An AI tool that reduces customer churn by accurately predicting at-risk customers can provide a clear path to increased revenue and improved customer satisfaction. Similarly, AI-driven supply chain tools that reduce delivery times and costs can directly increase profitability. Businesses are thus encouraged to quantify the expected benefits of AI initiatives in terms of operational efficiency, cost savings, and revenue generation before making significant investments.
Advice for founders and investors
Founders today face the challenge of differentiating their offerings in a crowded market. They need to assess whether they have a unique perspective or capability that addresses a gap in the current market before launching new tools. The proliferation of “me too” tools — products that offer no distinct advantages over existing solutions — can dilute brand value and lead to market confusion.
Founders should ask themselves if they are the right team to tackle the problem they’ve identified and whether their solution offers a noticeable improvement over existing tools. If a founder’s assessment does not yield a confident “yes,” they should reconsider their strategy. Developing a tool just because it seems profitable or because venture capital is available can lead to products that fail to meet market needs.
Investors must work through a complex environment where not all investments in the data and AI tooling stack will yield returns. They should move beyond superficial metrics like founder pedigree and instead analyze where value accrues in the tooling stack.

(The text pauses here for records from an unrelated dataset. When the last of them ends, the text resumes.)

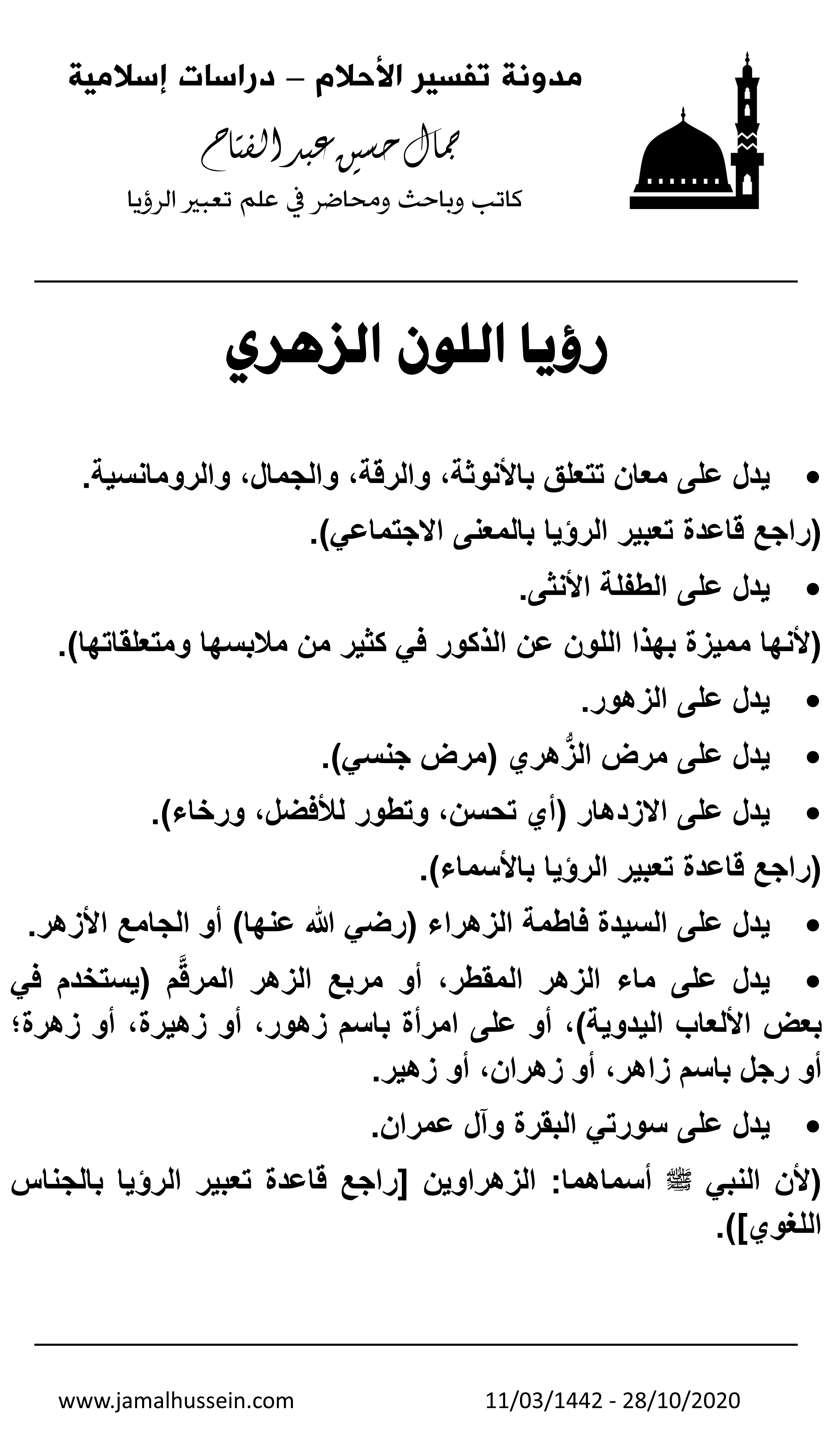 ما هو تفسير رؤيا اللون الزهري في المنام؟ كتبت بواسطةJamal Hussein Abdelfattah28 أكتوبر,202028 أكتوبر,2020نشرت تحت تصنيفتفسير رموز الرؤياالأوسمة:لون زهري،معنى لون زهري،معنى زهري في المنام،اللون الزهري في المنام،تفسير أحلام،تعبير رؤيا،جمال حسين،جمال حسين عبد الفتاح،حلمت لون زهري،رأيت لون زهري،رؤيا لون زهري اشترك الآن في خدمة تعبير الرؤيا على الأصول الشرعية الإسلامية و الدورة الدراسية المتميزة في علم التعبير وفق منهج شرعي أو يمكنك دعم موقعنا أيضا شارك الموضوعالمزيد النقر للمشاركة على X (فتح في نافذة جديدة) X انقر للمشاركة على فيسبوك (فتح في نافذة جديدة) فيس بوك النقر لإرسال رابط عبر البريد الإلكتروني إلى صديق (فتح في نافذة جديدة) البريد الإلكتروني اضغط للطباعة (فتح في نافذة جديدة) طباعة اضغط لتشارك على LinkedIn (فتح في نافذة جديدة) LinkedIn اضغط لمشاركة الموضوع على Reddit (فتح في نافذة جديدة) Reddit اضغط للمشاركة على Tumblr (فتح في نافذة جديدة) Tumblr اضغط للمشاركة على Pinterest (فتح في نافذة جديدة) Pinterest اضغط للمشاركة على Pocket (فتح في نافذة جديدة) Pocket إعجاب تحميل... مرتبط نُشر بواسطة Jamal Hussein Abdelfattah Dream interpretation and Ruqya specialist عرض مقالات أكثر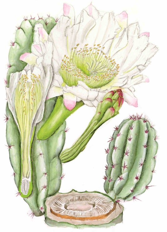 各部分を画面いっぱいにバランスよく配置し、花の断面を茎に重ねて立体感を出すことで迫力のある作品になっている。茎の切り口を取り入れて維管束の状態を見せるとともに、その縁から枝分かれしている茎を描くことで植物の生命力が表現されている。花を詳細に描くことでその美しさを表現している。また、この植物の立体感や調和のある美しさを感じとって画面全体がバランスよく、美しい構成になっている。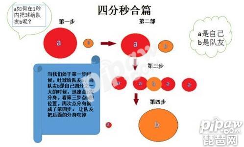 分身后,吐球给队友,直接狂分身,会直接往中间分身,具体如图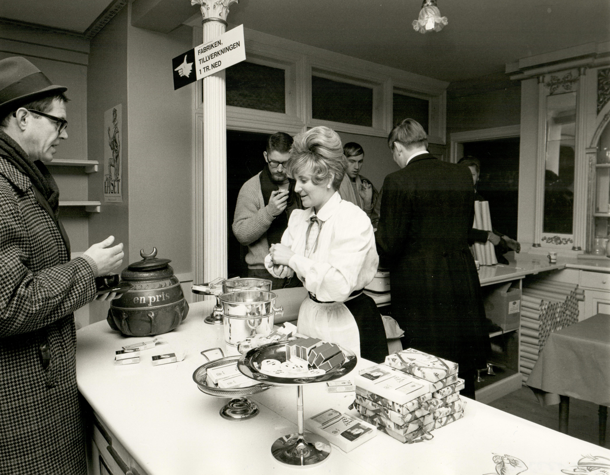 Titel: Tobaksmuseets personal betjänar kunder i Gubbhyllan.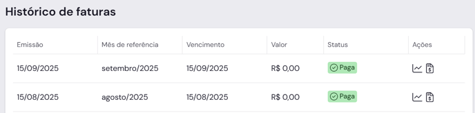 Em Configurações, na aba Plano e Cobrança, é possível acessar seu Histórico de Faturas. Neste ambiente você visualizará não só as faturas, mas também as notas fiscais relativas à sua conta.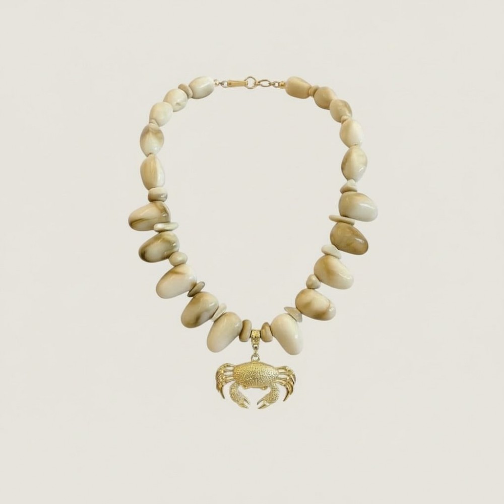 Este collar combina piedras en tono terracota profundo y tono marfil con un colgante dorado protagonista en forma de cangrejo, creando una fusión perfecta entre fuerza y sofisticación. Es ese accesorio que no pasa desapercibido y transforma por completo cualquier look básico en una declaración de estilo.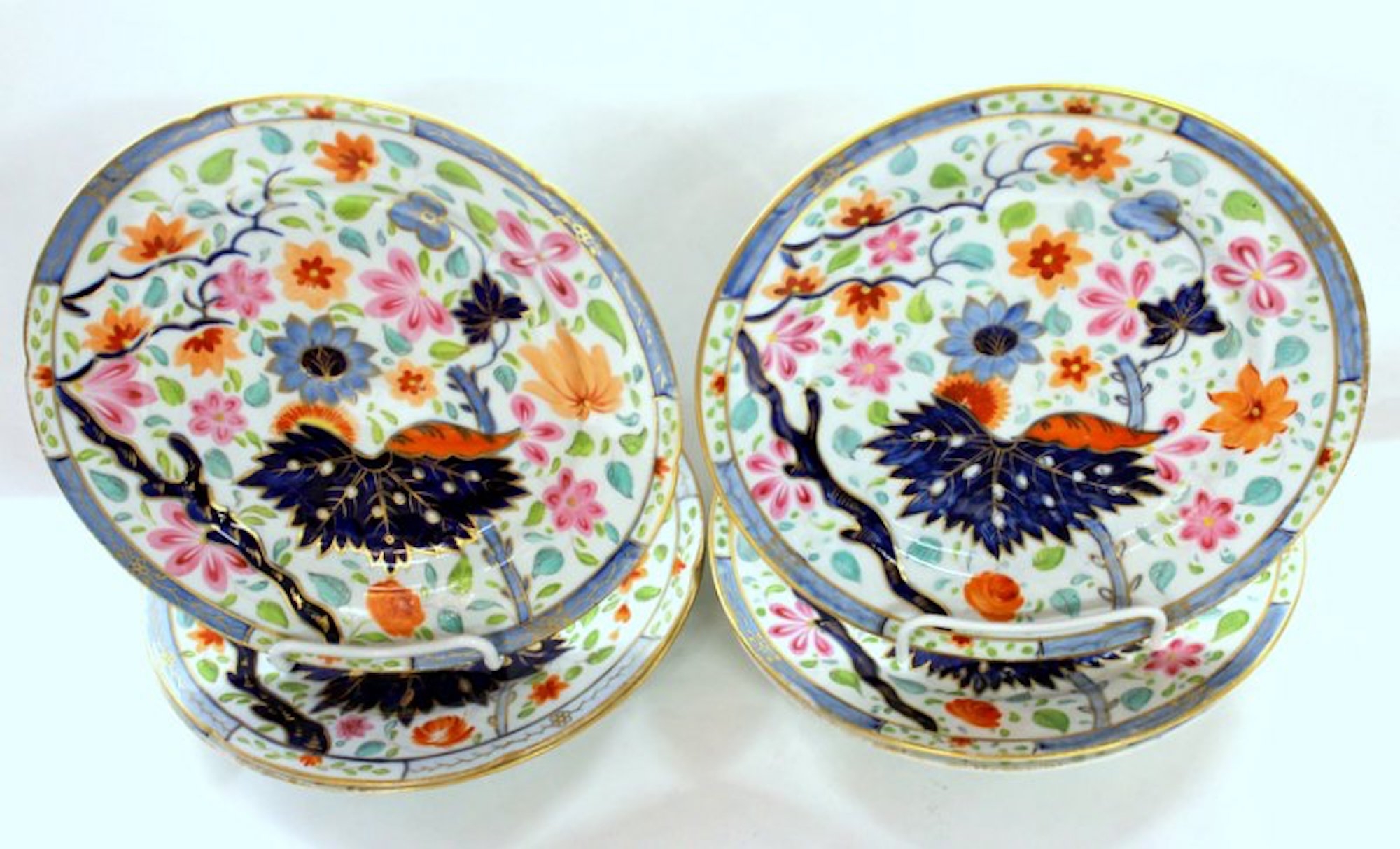 Set of Four Exceptional Antique English Hand Painted Porcelain Luncheon/Dessert Plates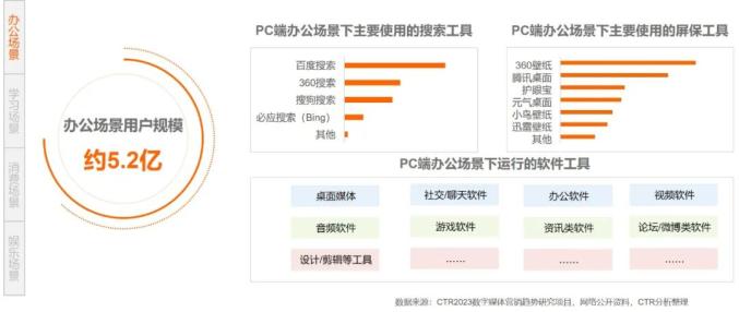 ● 本报告将办公场景定义为主要使用PC进行办公的人群,规模约为5.2亿,PC端办公场景下,搜索工具中百度搜索使用率为排名第一,360搜索使用率排名第二;屏保工具中360壁纸使用率排名第一,腾讯桌面使用率排名第二。
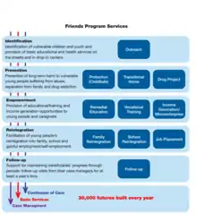 Friends-International runs a social services program supporting the development of children, youth, their families and communities that impacts over 30,000 beneficiaries a year in Cambodia, Thailand, Laos and Indonesia.[5] The Friends program is defined by a range of services that respond to the many challenges that marginalized young people face, namely abuse, sickness, drug use, exclusion from educational and training opportunities, child labor, poverty and separation from family. The program consists of a continuum of care in which beneficiaries build gradually to the result of reintegration. Program services are facilitated through a comprehensive case management system (individualized support to each beneficiary by an assigned case manager) and ongoing access to basic services (health checkups, non-formal education, awareness building, counseling).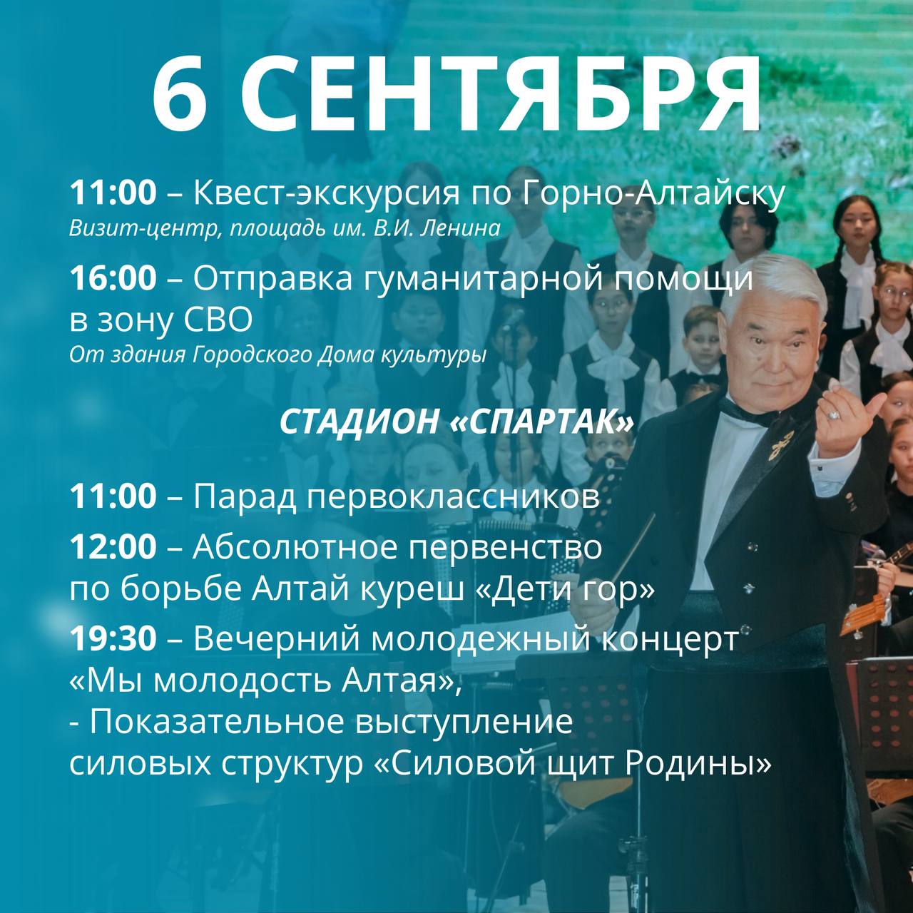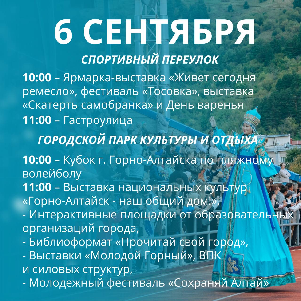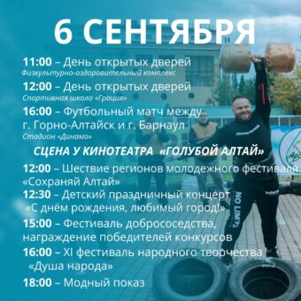 6 сентября все основные события пройдут в районе Городского парка культуры и отдыха (кинотеатр «Голубой Алтай»), в переулке Спортивном и на стадионе «Спартак». Это ярмарка-выставка «Живет сегодня ремесло», фестиваль «ТОСовка», День варенья (с 10:00), парад первоклассников, в котором примут участие около 1000 детей. Он начнется в 11:00 на стадионе «Спартак».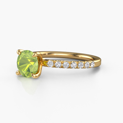 The ring shown above is called the Crystal RND 2. We call this type of ring a pavé solitaire ring because it has one center gemstone and a band that is also pave set with gemstones. The 14 Carat gold engagement ring is set with a round 7 mm peridot center stone and the band is pave set with lab-grown diamond gemstones. Each jewel is unique in every way! Simply customize to your liking,This classic gold pavé solitaire engagement ring has an exquisite round peridot center stone. To further accentuate the center stone, the band is fully set with more lab grown diamonds. Its open prong setting allows light to strike the peridot from various angles and this adds sparkle to your peridot ring. The photo shown above depicts the goldsmith's carefully handcrafted details of the ring. The high positioning of the center stone is truly eye-catching. The perfect engagement ring for the crown jewel of your life! After receiving your order, our goldsmiths will start the creative process of making your Crystal RND 2 engagement ring. We don't keep stock. This is advantageous because these costs will not be passed on to you. Therefore, we can offer jewelry at exceptionally low prices.Different styles of new rings are made daily by our team. Perhaps you have found a pavé solitaire engagement ring somewhere. One you would like to give to your loved one. Please feel free to share your thoughts and design with our jewel designers. We would love to turn your design into a classic engagement ring. You can follow the development of your ring design because we use very detailed 3D drawings. On top of that, you can order a dummy of the design. A dummy is a plastic ring, which can be shaped according your ring design. You can try it on and check if the engagement ring is up to standard. We will gladly send you a non-binding offer, based on a fair price/ quality ratio. The offer will baffle you, considering the quality of the ring and gemstones.To make it easier for you, we offer a 30 day return policy. Check our terms and conditions.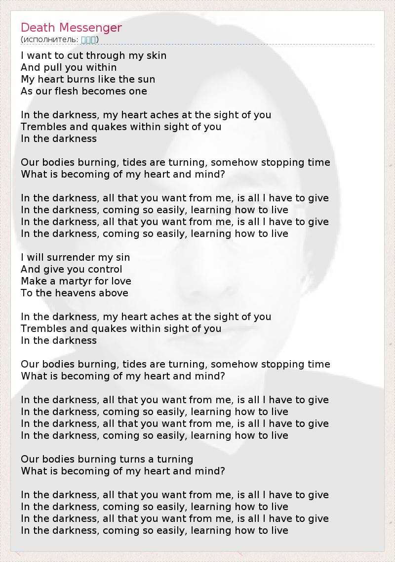 А как ты думаешь, о чем песня "Death Messenger" ?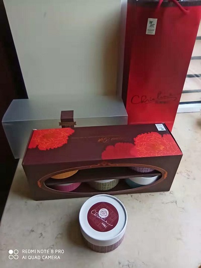 记者看到,这个克莉丝汀月饼是独立小包装的,还未拆开。独立小包装上有克莉丝汀“CHRISTINE”的标志,生产日期是2010年8月30日。透过塑料包装,记者看到,里面是一个方形的“胚芽白莲”月饼。从背面看,塑料小包装内还有一个标注“不可食用”的脱酸素剂。“月饼的包装很好,每个独立小包装的月饼都装在一个圆形的纸盒中,再装入一个大纸盒。”周先生介绍,据大盒子上的说明,该月饼的保质期是45天。

They should look for companies that address underserved needs or that can integrate with existing systems to provide clear value. Before investing, they should evaluate the competition, the technological comprehensiveness of the solution, and the team’s ability to execute their vision. An investment in a company that offers a nuanced and necessary improvement in data handling or AI application is more likely to succeed than one in a company whose value proposition is unclear or redundant.
Final points
The changes of data and AI tooling over the past decade has influenced how businesses approach, process, and derive value from data. With the expansion of the cloud and the proliferation of data tools, companies have navigated from the era of big data to an age where the modern data stack and AI-driven solutions dominate.
Despite the challenges of integration, complexity, and cost inefficiency, opportunities abound in the new AI stack, particularly in agent orchestration, industry-specific models, and workflow tools for dataset fine-tuning. As organizations continue to build smarter AI, they must learn from past tooling excesses and focus on strategic value generation.
Founders and investors alike need to critically assess the market and avoid redundant tools, while businesses must establish frameworks to quantify the precise value of their data initiatives. When doing so, they can make sure their investment in data and AI supports and drives their strategic business objectives.